Problem statement> Write out exactly the lines below that run from the one containing "赤ワイン風味の牛煮込肉ときの" through the one containing "Άγιος Θεόδωρος ο", both included, with no other lines.

Data in this exercise>
________

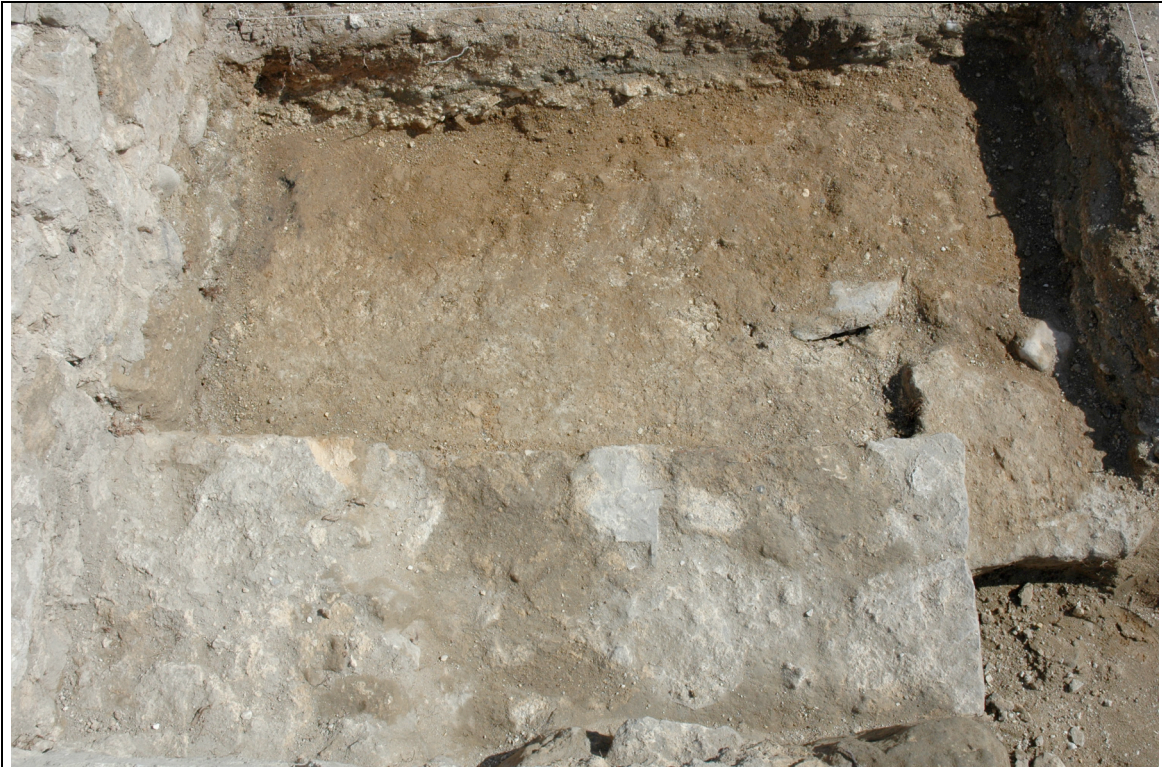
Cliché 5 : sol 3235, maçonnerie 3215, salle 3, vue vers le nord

________

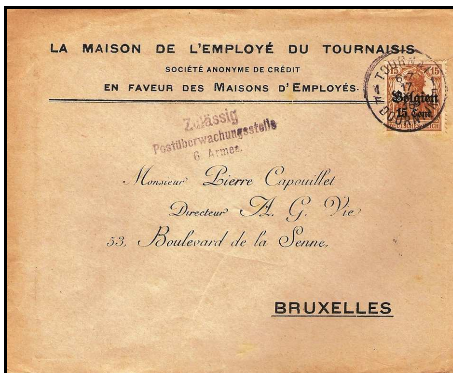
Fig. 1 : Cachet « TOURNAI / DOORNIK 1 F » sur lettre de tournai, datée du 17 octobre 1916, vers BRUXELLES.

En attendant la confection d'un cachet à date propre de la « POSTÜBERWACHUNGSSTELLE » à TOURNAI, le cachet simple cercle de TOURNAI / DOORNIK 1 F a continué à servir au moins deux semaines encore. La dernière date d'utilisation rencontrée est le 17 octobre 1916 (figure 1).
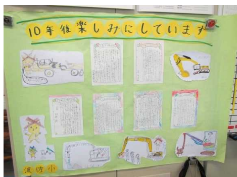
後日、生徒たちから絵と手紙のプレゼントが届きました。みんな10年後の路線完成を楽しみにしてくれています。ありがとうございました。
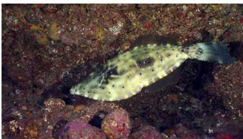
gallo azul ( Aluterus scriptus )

________

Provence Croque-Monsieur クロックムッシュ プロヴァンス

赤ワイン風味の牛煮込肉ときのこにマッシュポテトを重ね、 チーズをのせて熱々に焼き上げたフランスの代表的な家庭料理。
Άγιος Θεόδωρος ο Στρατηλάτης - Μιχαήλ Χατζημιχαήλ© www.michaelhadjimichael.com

________

Solution to the exercise>
赤ワイン風味の牛煮込肉ときのこにマッシュポテトを重ね、 チーズをのせて熱々に焼き上げたフランスの代表的な家庭料理。
Άγιος Θεόδωρος ο Στρατηλάτης - Μιχαήλ Χατζημιχαήλ© www.michaelhadjimichael.com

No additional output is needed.